● **DESCRIPTION OF THE TASK**: The lines below, from the one holding "翻炒均勻之後,必須加入開水,否則肉質容易" through the one holding "pansies, robin, Plants", are to be restated word for word, with all images left out.

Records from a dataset
%%
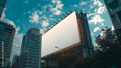City building mockup space and billboard commercial product or logo design advertising Empty poster for brand marketing multimedia and communication with announcement urban and banner : Generative AI
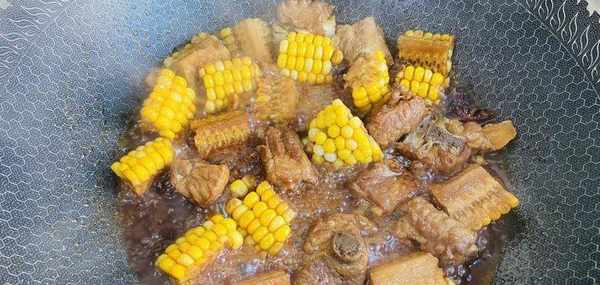 翻炒均勻之後,必須加入開水,否則肉質容易發柴,放入開水後,把玉米下鍋,放少許的鹽味精雞精調味,中火燉上20分鐘,最後大火把湯汁收至粘稠,就可以出鍋吃瞭,營養豐富又好吃,常吃順利平安過冬天。
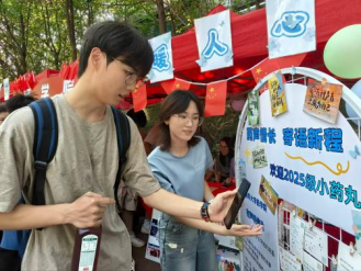 药学院特别策划“药声情长,寄语新程”主题活动,以创新形式迎接2025级新生。活动现场精心布置的明信片墙成为亮点——墙上陈列着2025届毕业生录制的有声祝福卡片,新生只需轻扫卡片上的二维码,便能聆听学长学姐们饱含温情的录音、视频或文字,跨越时光的对话在耳畔回响。许多新生在明信片墙前驻足留影,用镜头定格下踏入南华大学的第一张青春纪念照,笑容与期待在画面中交织。
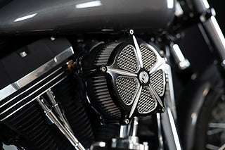 En riktigt cool Street Bob Dyna har kommit in hos oss på Bikeman! Den är utrustad med ett 10" Craftride styre. Den har Vance & Hines Short Shots Staggered avgasrör som mullrar ordentligt! En luftburk Venturi i Roland Sands Design - RSD. Och även en pakethållare för att få med extra packning på ditt nästa äventyr!
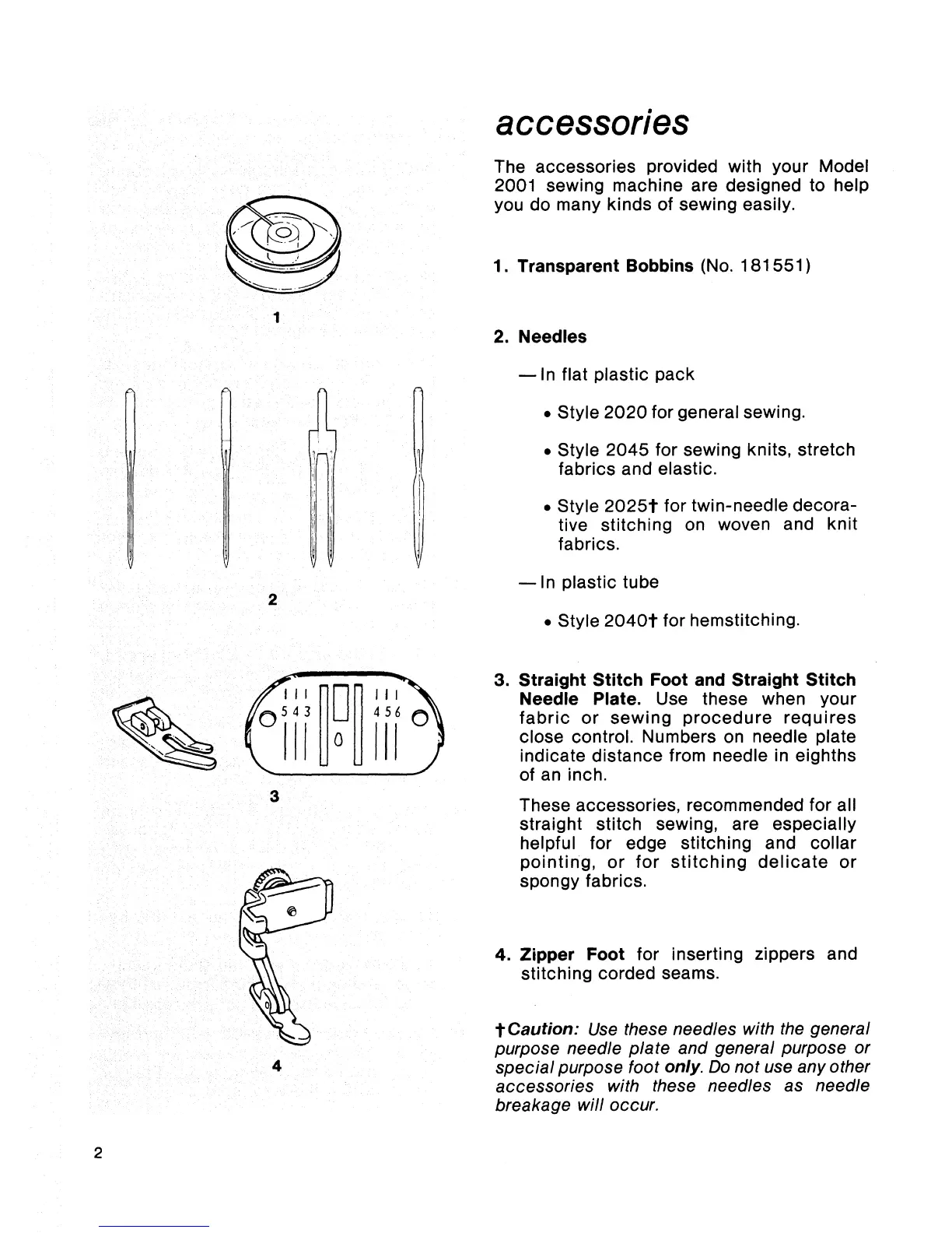 Singer Touch-Tronic 2001 - Transparent Bobbins; Needles; Straight Stitch Foot and Straight Stitch Needle Plate; Zipper Foot
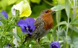pansies, robin, Plants
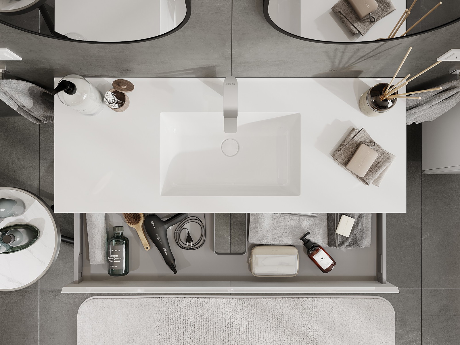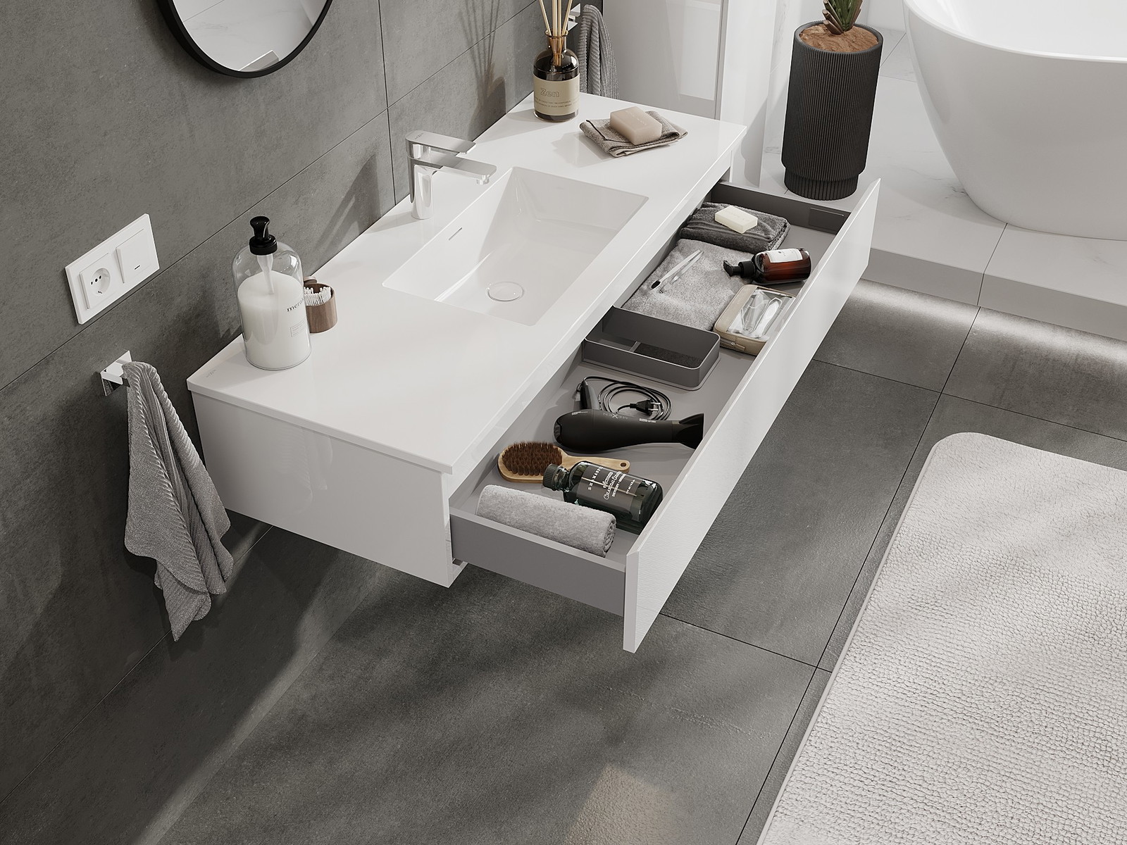 A fiókban lévő kivágás úgy van kialakítva, hogy befogadja a mosdó telepítéseknél szükséges szifont. Ennek köszönhetően a bútor teljesen funkcionálisan felszerelhető anélkül, hogy a fiók terének egy részét fel kellene áldozni a telepítés miatt.
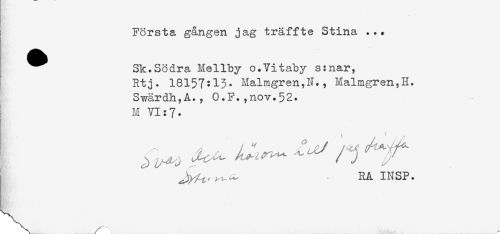 //// ! Första gången jag träffte Stina ... //// i ^^ Sk.Södra Mellby o.Vitaby s:nar, //// Rtj. 18157:13. MalmgrenJL, Malmgren,H. //// Sv^ärdh,A., O.F.,nov.52. //// M VI:7. //// ^ ^ ^ ^^ / ^ ^^ //// RAINSP. ////
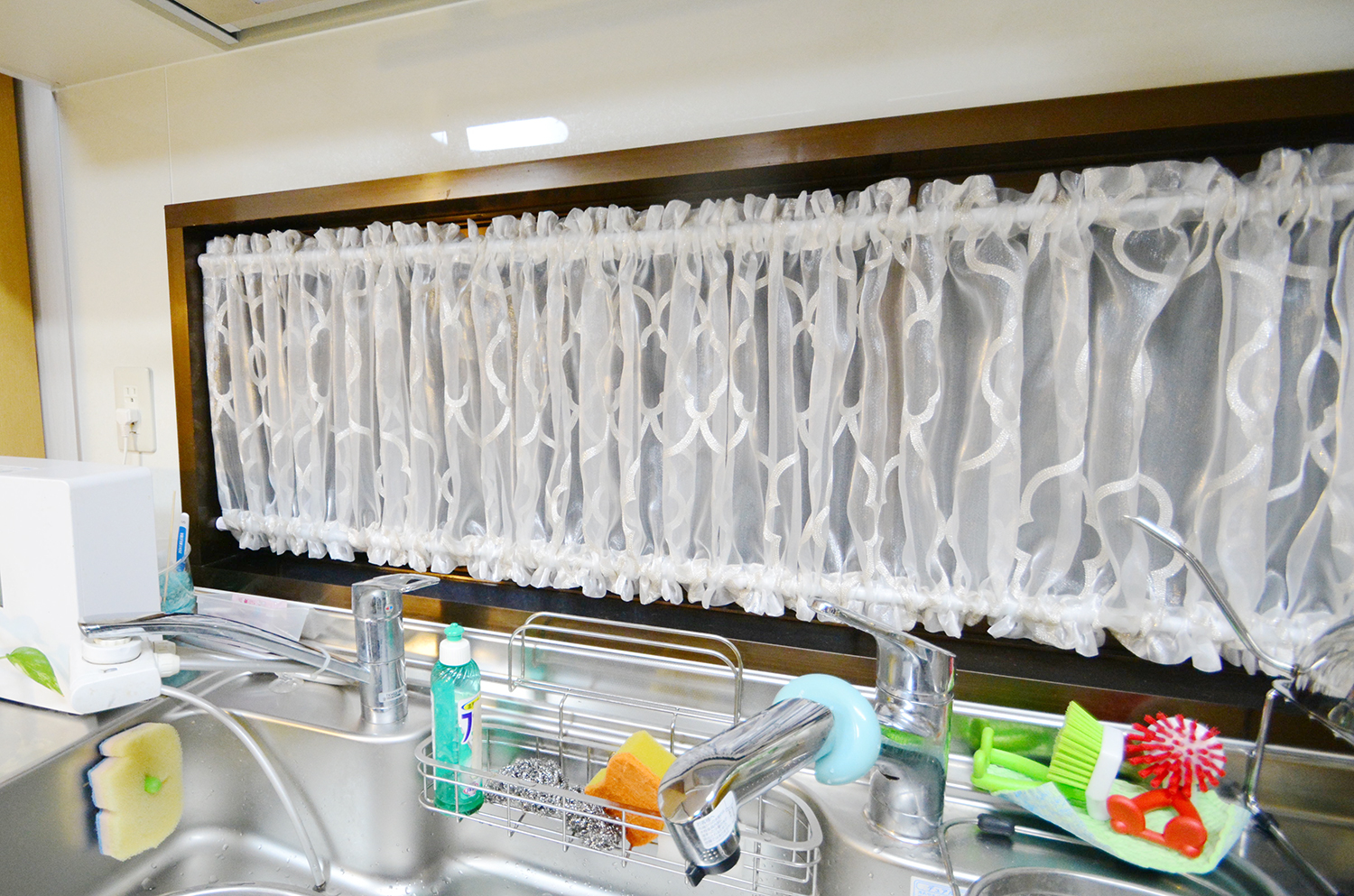 キッチン窓にはギャザー仕上げ。同じ生地を使っているのですが、仕上げによって雰囲気をかえてしまえるのが、カーテンの…ファブリックの魅力です!
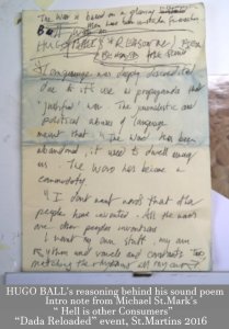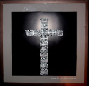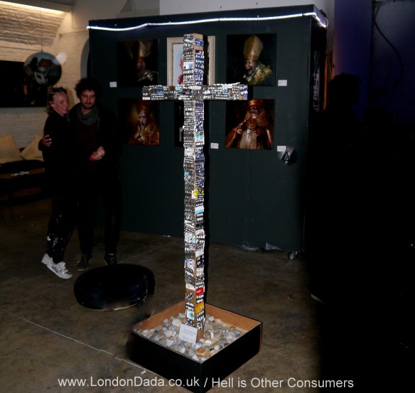 Completed Work installed at Underdog Gallery London for the Zurich meets London Dada centennial event, May 22nd 2016 and ( below ) featured centre-boxing ring stage during performance of ” Hell is Other Consumers ” at Central St.Martins West Handyside canopy.
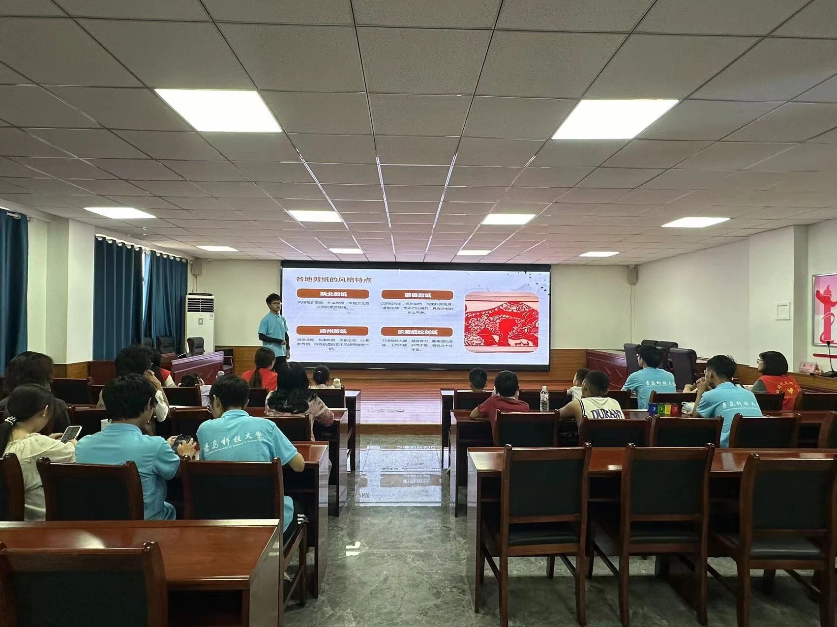 活动现场,为了让孩子们亲身感受剪纸文化之美,志愿者团队还与当地政府联系,请了当地剪纸非遗继承人韩霞老师到现场,并在台上亲自演示剪纸作品制作的全过程,小朋友们也纷纷完成了自己的剪纸作品,在激发了孩子们的动手能力,更让孩子们意识到保护我国非物质文化遗产的重要性。
%%
● **WRITTEN RESPONSE**:
 翻炒均勻之後,必須加入開水,否則肉質容易發柴,放入開水後,把玉米下鍋,放少許的鹽味精雞精調味,中火燉上20分鐘,最後大火把湯汁收至粘稠,就可以出鍋吃瞭,營養豐富又好吃,常吃順利平安過冬天。
 药学院特别策划“药声情长,寄语新程”主题活动,以创新形式迎接2025级新生。活动现场精心布置的明信片墙成为亮点——墙上陈列着2025届毕业生录制的有声祝福卡片,新生只需轻扫卡片上的二维码,便能聆听学长学姐们饱含温情的录音、视频或文字,跨越时光的对话在耳畔回响。许多新生在明信片墙前驻足留影,用镜头定格下踏入南华大学的第一张青春纪念照,笑容与期待在画面中交织。
 En riktigt cool Street Bob Dyna har kommit in hos oss på Bikeman! Den är utrustad med ett 10" Craftride styre. Den har Vance & Hines Short Shots Staggered avgasrör som mullrar ordentligt! En luftburk Venturi i Roland Sands Design - RSD. Och även en pakethållare för att få med extra packning på ditt nästa äventyr!
 Singer Touch-Tronic 2001 - Transparent Bobbins; Needles; Straight Stitch Foot and Straight Stitch Needle Plate; Zipper Foot
pansies, robin, Plants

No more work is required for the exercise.